Collected material below:

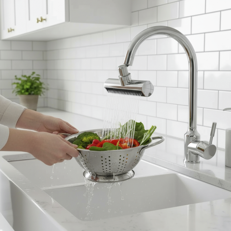 Geen spetters meer! Ik kan van een zachte spoeling voor fruit naar een krachtige straal voor pannen schakelen in één seconde. Zelfs mijn kinderen kunnen het gebruiken.
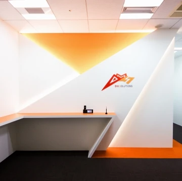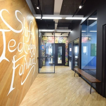 コーポレートカラーを取り入れた幾何学的な模様が会社の思いを表現するオフィス空間
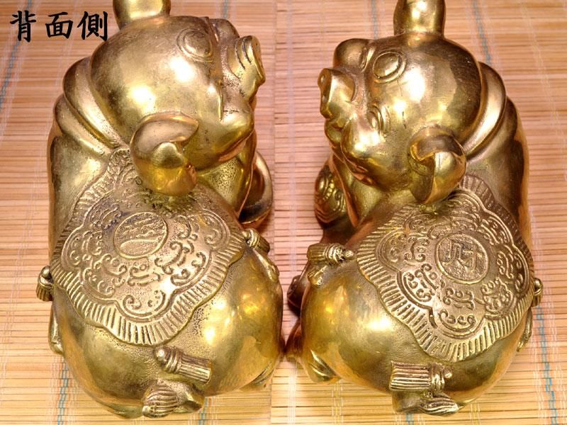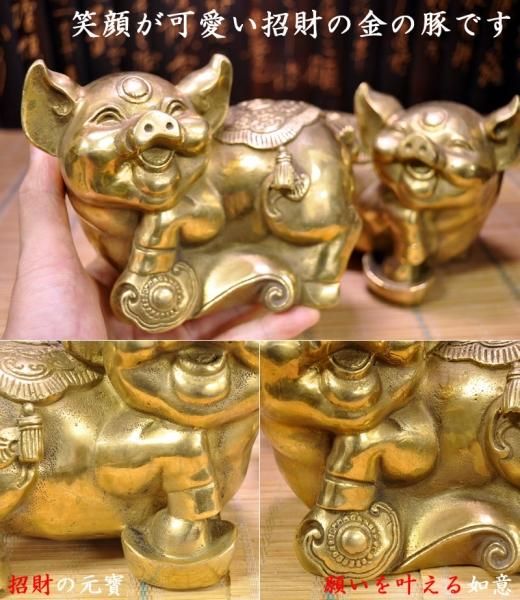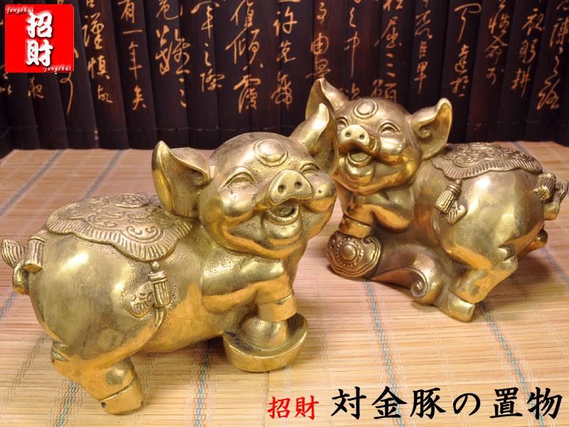 中国では野生の豚には魔除けの力があるとされていました。家畜化が進むと財産としての価値が進み、富の象徴として、中国では豚の置物は招財効果があるとして人気があります。 本商品は招財の元寶、願いを叶える如意に乗った可愛いペアの金豚の銅製の置物です。笑顔の豚は笑い豚と呼ばれ、福を招くとも言われています。オフィスや中華料理店などのインテリアにもおすすめです!

End of Collected material.

Problem to work on => Write out exactly the lines from the line containing "コーポレートカラーを取り入れた幾何学的な模様が会社の思いを表現するオフィス空間" through the last line of the listing above, please, and leave out any pictures.

Your response =>
 コーポレートカラーを取り入れた幾何学的な模様が会社の思いを表現するオフィス空間
 中国では野生の豚には魔除けの力があるとされていました。家畜化が進むと財産としての価値が進み、富の象徴として、中国では豚の置物は招財効果があるとして人気があります。 本商品は招財の元寶、願いを叶える如意に乗った可愛いペアの金豚の銅製の置物です。笑顔の豚は笑い豚と呼ばれ、福を招くとも言われています。オフィスや中華料理店などのインテリアにもおすすめです!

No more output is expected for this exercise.